The ATS had found Mangesh Nikam, Haribhau Divekar, and others involved in these violent acts, though as mere foot-soldiers. In 2009, two alleged activists of these organisations Malgonda Patil and Yogesh Naik, died while reportedly transporting a bomb on their scooter. It was said they were ferrying the bomb to the popular Narkasur festival. Many innocents would have been killed if Patil and his associate had succefseded. The Sanatan Sanstha had been campaigning against the Narkasur festival, which they felt “glorified evil”.

Later, the Sanatan Sanstha denied its association with the dead activists. However, Dr Narendra Dabholkar had asked at the time: “How is it that the Sanstha’s activists so often take to the same kind of ‘wrong path’... how is it that this unconvincing argument is accepted at face value and the Sanstha gets away...? It also defies belief that a few rogue activists of the Sanatan Sanstha, a tight-knit, secretive organisation, independently carried out the blasts without the knowledge or involvement of any of the senior persons in the organisation.”

Reportedly, in 2012, the Sanathan Sanstha started the All Indian Hindu Convention “for establishment of Hindu Rashtra”, which became an annual event.

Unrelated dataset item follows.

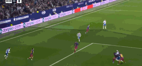 直到第86分钟,比赛的僵局才被打破。彼时,巴萨中路策动进攻,费尔明推进后横传,奥尔莫不停球直接起脚打门,足球直奔球门上角,西班牙人门将德米特洛维奇无能为力,巴塞罗那首开纪录。

And just six months back, it was in the news when Facebook banned it for violating its content policies. [However, it retained most of its pages online for months.] The hiatus between the decision to ban the Sanathan Sanstha and the non-implementation of the ban was attributed to political pressure.

Perhaps what Mauzo said in his speech at the Sahitya Akademi Festival of Letters is worth recollecting. He noted how our silence goes from tame acceptance to emboldening the right-wing. It is a silence we need to break, remembering that every voice counts.

The author is an independent journalist. The views are personal.